┌─ COLLECTED MATERIAL
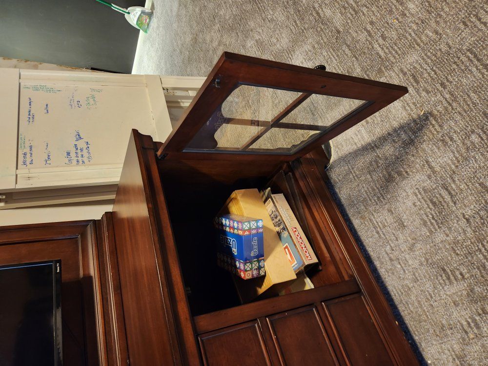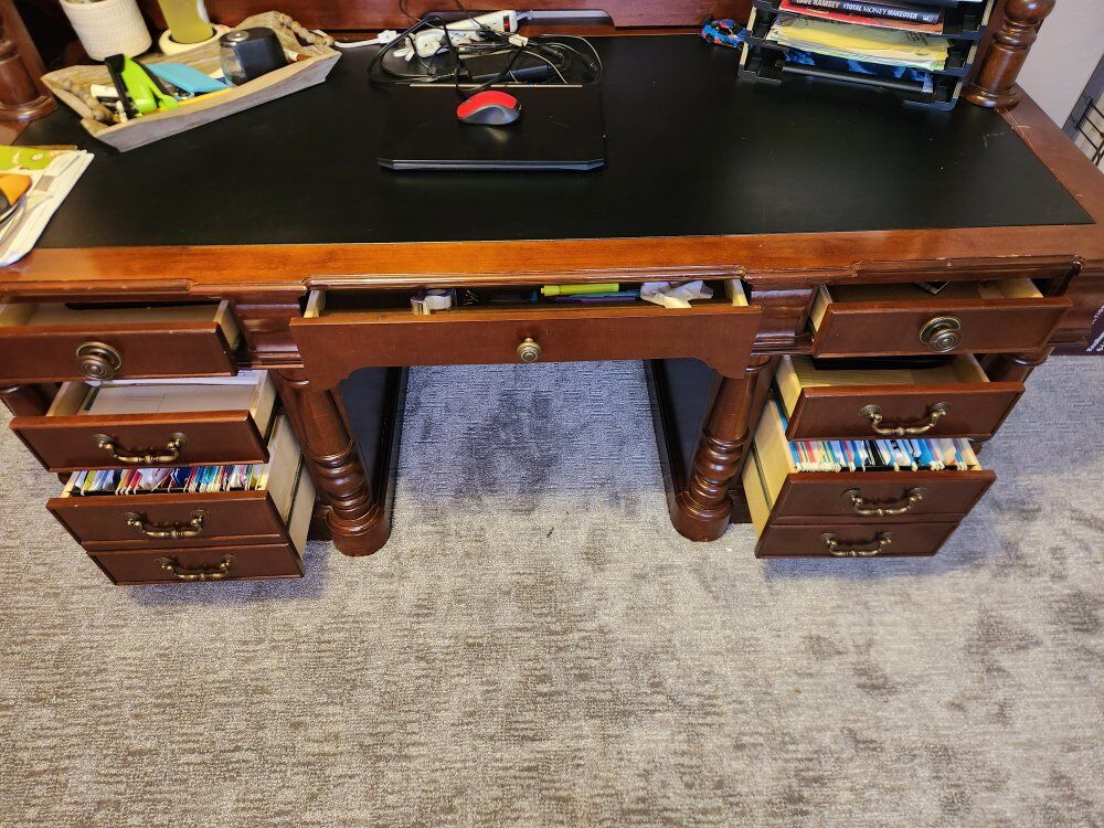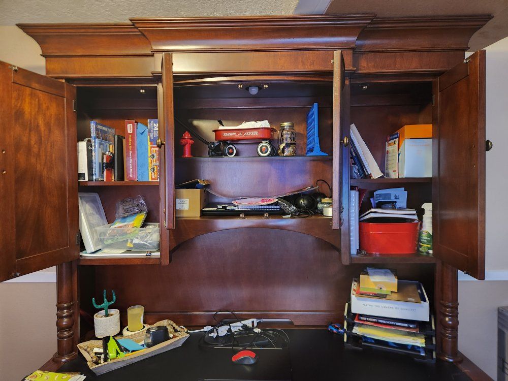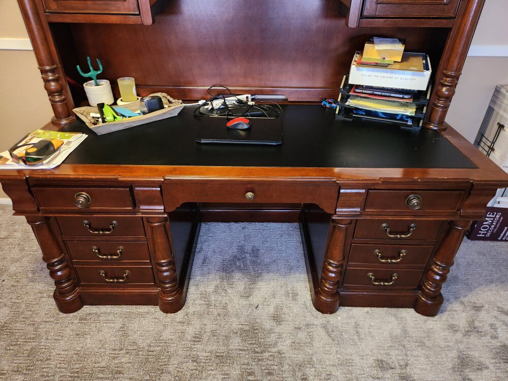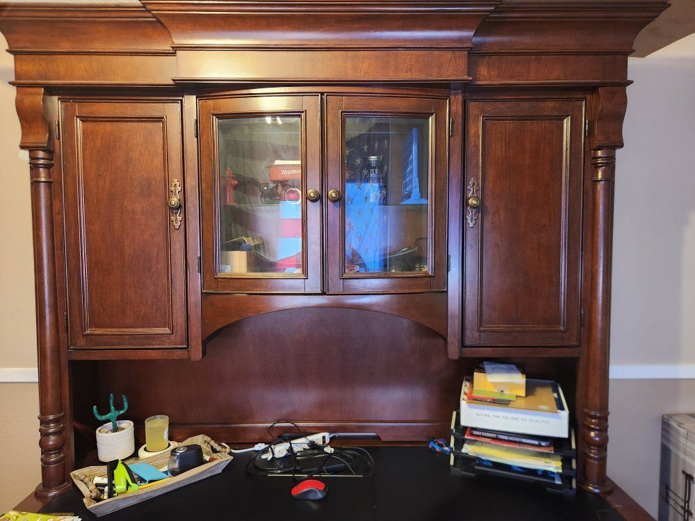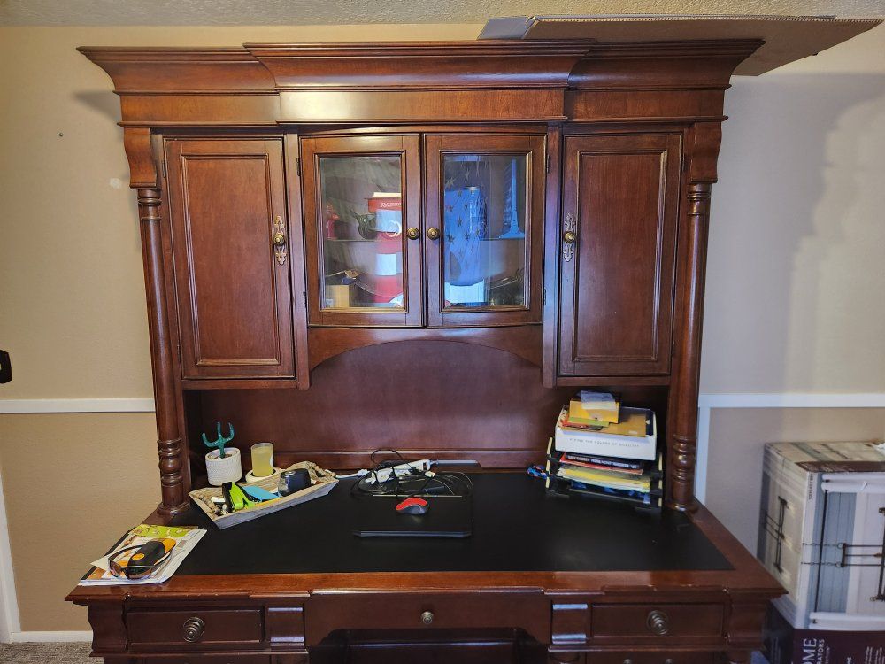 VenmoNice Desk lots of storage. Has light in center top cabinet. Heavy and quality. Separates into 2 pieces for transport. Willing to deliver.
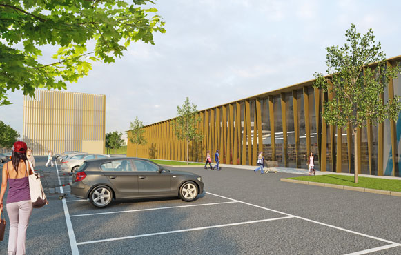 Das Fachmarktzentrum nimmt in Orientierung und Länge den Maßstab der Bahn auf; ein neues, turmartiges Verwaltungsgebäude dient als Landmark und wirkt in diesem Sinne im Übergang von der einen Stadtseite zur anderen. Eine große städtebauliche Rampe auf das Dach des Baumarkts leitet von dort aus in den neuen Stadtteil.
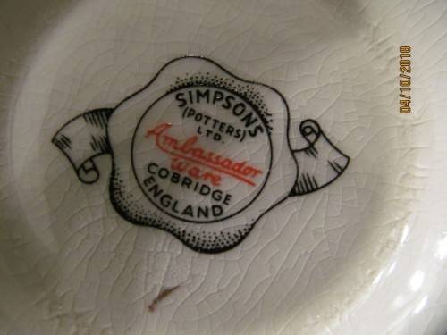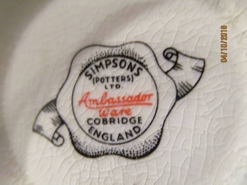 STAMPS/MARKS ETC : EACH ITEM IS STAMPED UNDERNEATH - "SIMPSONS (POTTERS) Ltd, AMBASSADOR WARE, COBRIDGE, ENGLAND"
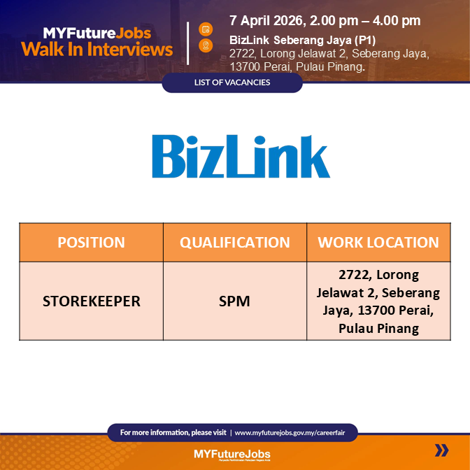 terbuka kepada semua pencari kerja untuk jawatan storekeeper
└─
> **INSTRUCTIONS TO FOLLOW**
Repeat the data above exactly, leaving out any pictures it holds.

> **TASK RESULT**
 VenmoNice Desk lots of storage. Has light in center top cabinet. Heavy and quality. Separates into 2 pieces for transport. Willing to deliver.
 Das Fachmarktzentrum nimmt in Orientierung und Länge den Maßstab der Bahn auf; ein neues, turmartiges Verwaltungsgebäude dient als Landmark und wirkt in diesem Sinne im Übergang von der einen Stadtseite zur anderen. Eine große städtebauliche Rampe auf das Dach des Baumarkts leitet von dort aus in den neuen Stadtteil.
 STAMPS/MARKS ETC : EACH ITEM IS STAMPED UNDERNEATH - "SIMPSONS (POTTERS) Ltd, AMBASSADOR WARE, COBRIDGE, ENGLAND"
 terbuka kepada semua pencari kerja untuk jawatan storekeeper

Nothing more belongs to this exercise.